*PROBLEM TO SOLVE:*
Each line of the material must be repeated precisely, with the pictures left out.

*DATASET EXCERPT:*
=-=-=

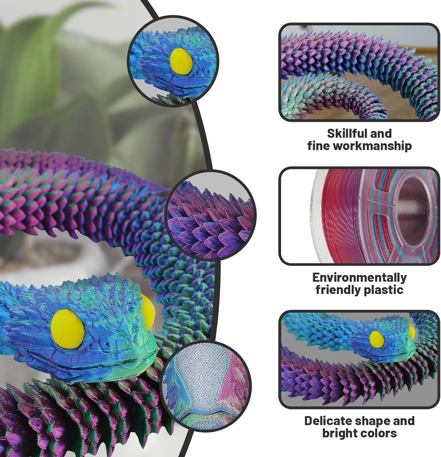- Made with 3D printing technology, these snake toys are durable, lightweight, and exhibit a smooth finish, ensuring a long-lasting product.
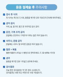- 용종이 크거나 다수 제거된 경우, 출혈 위험이 있으므로 6~12시간 금식 권장
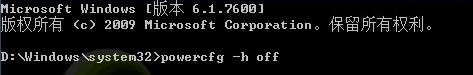2、在命令提示符中输入:powercfg -h off 按下回车键即可关闭休眠功能,若要重新开启的话则在命令提示符中输入:powercfg -h on 按下回车键即可重新开启。

=-=-=

*EXERCISE RESULT:*
- Made with 3D printing technology, these snake toys are durable, lightweight, and exhibit a smooth finish, ensuring a long-lasting product.
- 용종이 크거나 다수 제거된 경우, 출혈 위험이 있으므로 6~12시간 금식 권장
2、在命令提示符中输入:powercfg -h off 按下回车键即可关闭休眠功能,若要重新开启的话则在命令提示符中输入:powercfg -h on 按下回车键即可重新开启。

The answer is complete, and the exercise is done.